Song et al. (2023) train models to map any noisy sample xₜ directly to x₀ in a single step, learning the consistency function of the probability flow ODE. Enables one-step or few-step generation without iterative denoising, while maintaining quality competitive with multi-step diffusion.

Flow Matching

Lipman et al. (2023) train continuous normalizing flows by regressing on a velocity field vθ(x,t) that transports samples from noise to data. Uses simple conditional flow paths (e.g., optimal transport paths: linear interpolation between noise and data).
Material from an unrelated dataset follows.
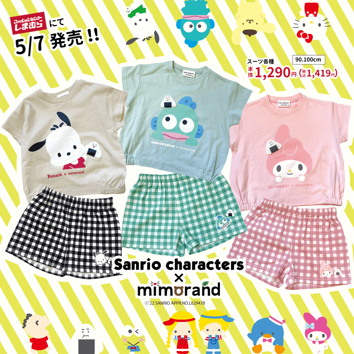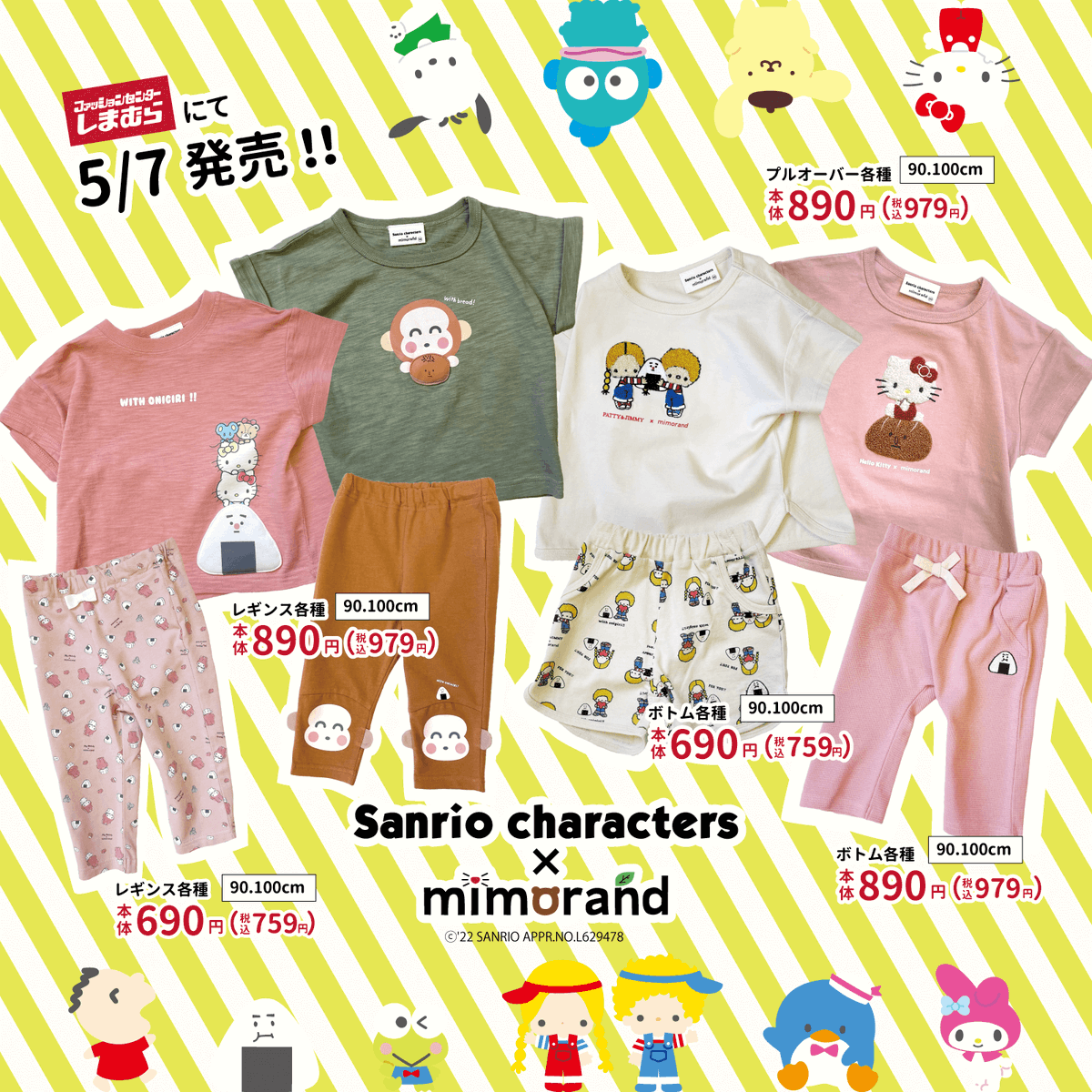 子ども服のmimorandで大人気のおにぎり・パンとサンリオキャラクターズのコラボアイテムが5/7(土)~しまむらに登場!ポップでキュートなラインナップにワクワクが止まらない♪詳細はmimorand公式Instagramで♡ sanrio.eng.mg/4b772

Simpler training objective than score matching, often faster convergence. Foundation for Stable Diffusion 3 and modern diffusion architectures.

Comparison of Generative Paradigms

| Property | VAE | GAN | Flow | Diffusion | |----------|-----|-----|------|-----------| | Likelihood | Lower bound | None | Exact | Exact (via ODE) | | Sample quality | Good | Excellent | Good | Excellent | | Training stability | Stable | Unstable | Stable | Stable | | Sampling speed | Fast (one pass) | Fast (one pass) | Fast (one pass) | Slow (many steps) | | Mode coverage | Good | Mode collapse risk | Good | Excellent | | Latent space | Structured | Entangled | Structured | Implicit |

Applications

  • Image generation/editing: Inpainting, outpainting, super-resolution, style transfer, image-to-image translation (pix2pix, CycleGAN).
  • Text-to-image: DALL-E, Stable Diffusion, Imagen, Midjourney.
  • Video generation: Video diffusion models (Sora, Runway Gen-2), autoregressive video models.
  • 3D generation: Score distillation sampling (DreamFusion), 3D-aware GANs (EG3D).
  • Molecular design: Diffusion models for protein structure generation, drug discovery.
  • Audio synthesis: WaveNet, DiffWave, AudioLDM.